Our officers would cheer us to come. We would catch them soon. We overtook the last of Seamore's fleeing Army at the Hart place, seven miles from Jacksonville. They stopped and surrendered without any trouble. There we captured a very large number of the finest teams of mules and horses that I ever saw, and the wagons were all loaded with all kinds of Army supplies, provisions of every kind, also shoes, clothing and everything that an Army could use.

Then and there we had breakfast on February 21st, 1863.

Thus ended the Fight at Olustee. Seamore's Army had been destroyed all killed or captured.

This is as I remember the Fight or Battle of Olustee.

Lawrence Jackson
Past Honorary Commander for Life
Florida Division, U.C.V.
Gainesville, Fla.

[Editor's Note: Obviously, Mr. Jackson's "remembering" was clouded by 65 years of telling tales around the "cracker barrel." But who can blame him? Those few days were probably the most exciting and proudest of his life. For what is probably the fairest and most honest account of the Battle of Olustee, I suggest Col. Harrison's official report to his superiors. - Thomas R. Fasulo]

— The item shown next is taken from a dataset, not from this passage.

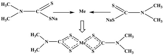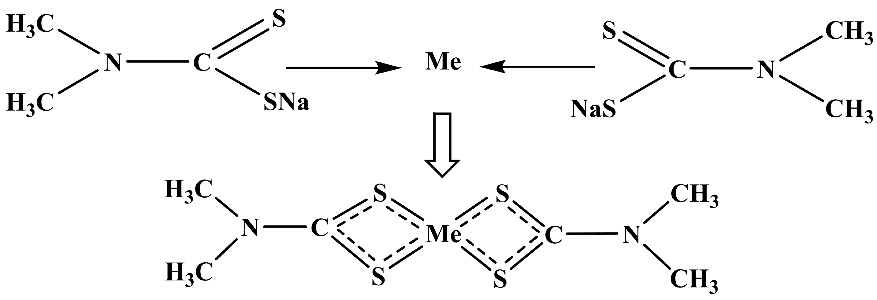 - Liu, W.G.; Duan, H.; Wei, D.Z.; Cui, B.Y.; Wang, X.Y. Stability of diethyl dithiocarbamate chelates with Cu(II), Zn(II) and Mn(II). J. Mol. Struct. 2019, 1184, 375–381. [Google Scholar] [CrossRef]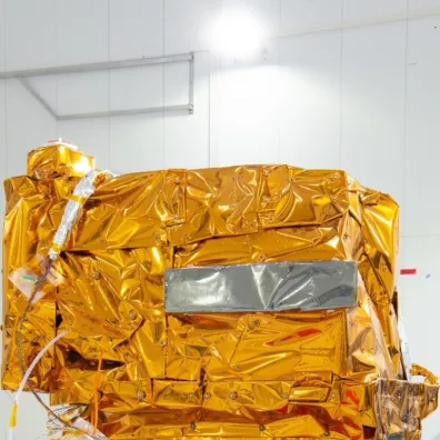 « Sur la photo, on peut voir l’instrument sur la partie supérieure (le plus gros parallélépipède) et la plateforme dessous. L’ensemble est recouvert d’une couverture isolante dorée, sorte de couverture de survie. »

Bob McLendon (, of Gainesville, FL, is a captain in a 2nd Florida Cavalry reenacting unit. He has provided the following additional information on Lawrence Jackson:

"Lawrence Jackson was the last in 2nd Florida Cavalry to be paroled, as he at first refused to be paroled. He was an interesting person, and there are a lot of colorful stories about him. He always carried a pistol on him. He was Commander of the Stonewall Jackson Camp of the UCV in Gainesville, and was Honorary General for Life of the Florida Division of the UCV. His participation in the fight in Gainesville in February 1864, just before Olustee, is quite exciting. His lieutenant, and his horse, had gone down as they approached the Federals behind cotton bales at present-day University Avenue and Main Street. Jackson dismounted, sword in hand, and charged the Federals before hoisting his wounded lieutenant onto his horse and carrying him off. Jackson is buried in Evergreen Cemetery in Gainesville, dying a couple of weeks after he wrote his account of Olustee."

In addition, a search of the roster of Company C, 2nd Florida Cavalry, lists Lawrence Jackson as being wounded while pursuing deserters on January 5, 1865.